During these two passes in opposite directions the series of four-high rolling stands is set in such a way that they produce a great reduction of thickness in the first stands of the series, for instance equal to a value between about 24 percent and about 60 percent in each of the first two stands, and a much smaller reduction, between about 4 percent and about 15 percent, in the remaining stands of the series of rolling stands. This enables the wear of the rolls of the downstream stands to be reduced substantially.

The slab leaving this progressive series of four-high rolling stands is now wound in coils on the coiling-unwinding unit, with which a flying shears may cooperate to perform any shearing of the leading or trailing ends of the strip.

The slab is rolled to transfer bar thickness of about 10 mm. to about 20 mm. The transfer bar, while being wound on the coiling-unwinding unit, undergoes a heating action, which has the purpose of bringing the transfer bar to the required temperature; this heating action may also be prolonged beyond the period of the coiling, thus preventing the loss of heat during the rolling process unless cooling is desired to below the lower cooling transformation temperature, described above.

This aim of reducing the loss of heat is achieved also by selecting the thickness of the slab or transfer bar at the outlet of the first pass through the series of four-high rolling stands in such a way that the ratio between that thickness of the transfer bar and the radiation time is greater than a value of about 0.5 mm. to about 0.75 mm. per second, and preferably about 0.75 mm. per second.

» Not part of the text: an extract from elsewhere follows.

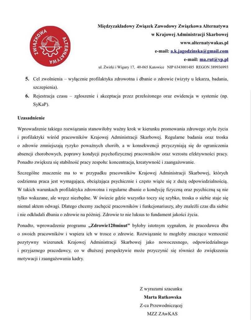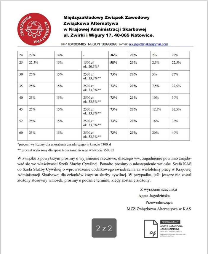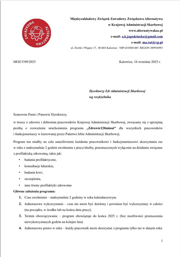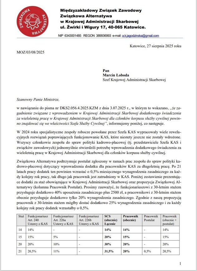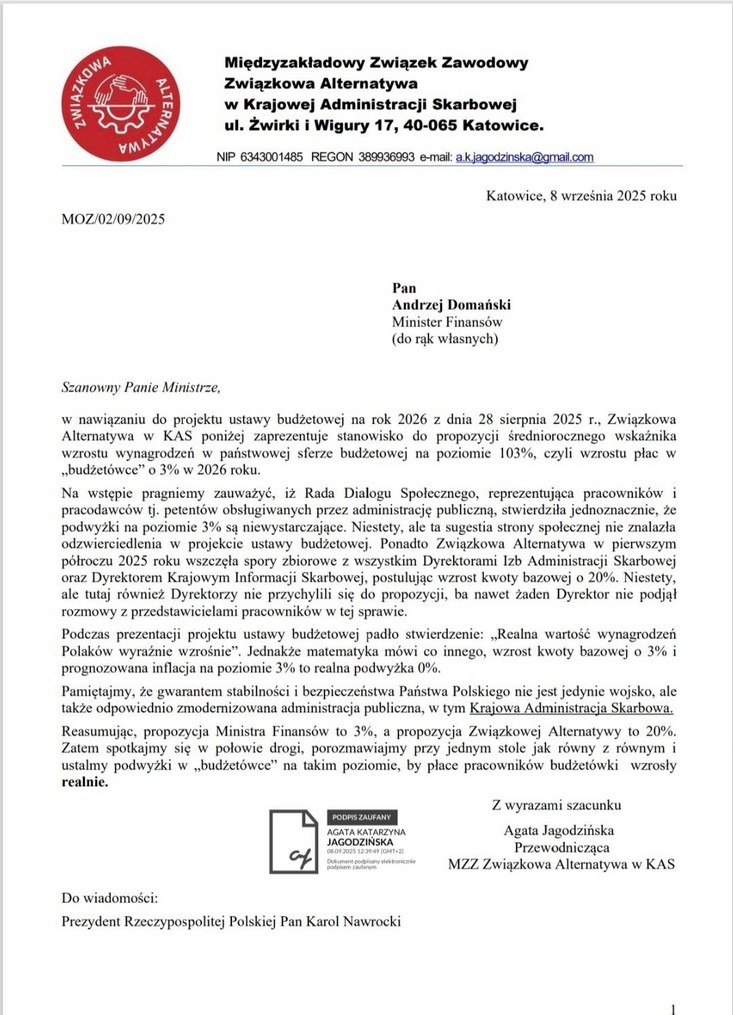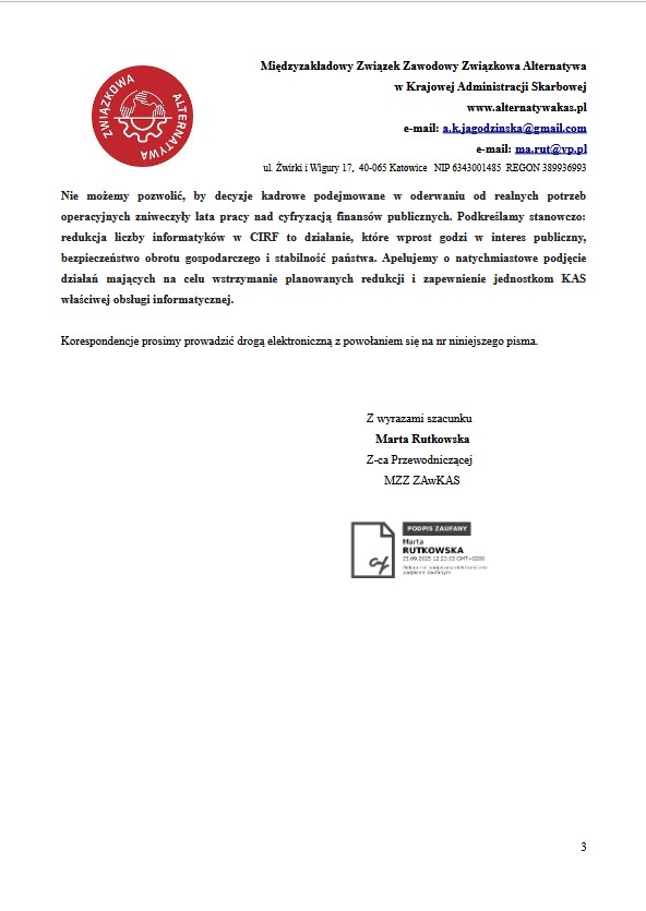 Zarząd MZZ Związkowa Alternatywa w KAS

By radiation time is meant the time during which the transfer bar being rolled remains out of contact with the rolling rolls and is not wound on the coiling-unwinding unit.

When the coiled transfer bar has been heated to the required value, the coiling-unwinding unit reverses the direction of rotation and unwinds the coil thus formed, thus permitting a further pass within the series of four-high rolling stands, again, with or without cooling, depending on the desired product.

This further pass brings the transfer bar to the desired reduced thickness, namely a particularly thin strip to about 1 mm. thick.

An example of the alternate single pass rolling of a thin slab to a thin strip of final desired gauge is discussed below particularly with respect to FIG. 10B.

This particularly thin thickness can be achieved, on the basis of the characteristics of the invention, owing to the increased number of passes available, the retention of the heat or controlled cooling, as desired, the uniformity of the surface temperature of the rolls and the reduction of wear of the rolls.

The finished strip coming from the last pass (or first pass of a thin slab) through the rolling stands is wound, optionally but typically after an in-line cooling step, on a winding machine and is removed from the rolling line.

It can be clearly seen that this method enables the 10 space required upstream of the series of four-high rolling stands to be reduced to a minimum.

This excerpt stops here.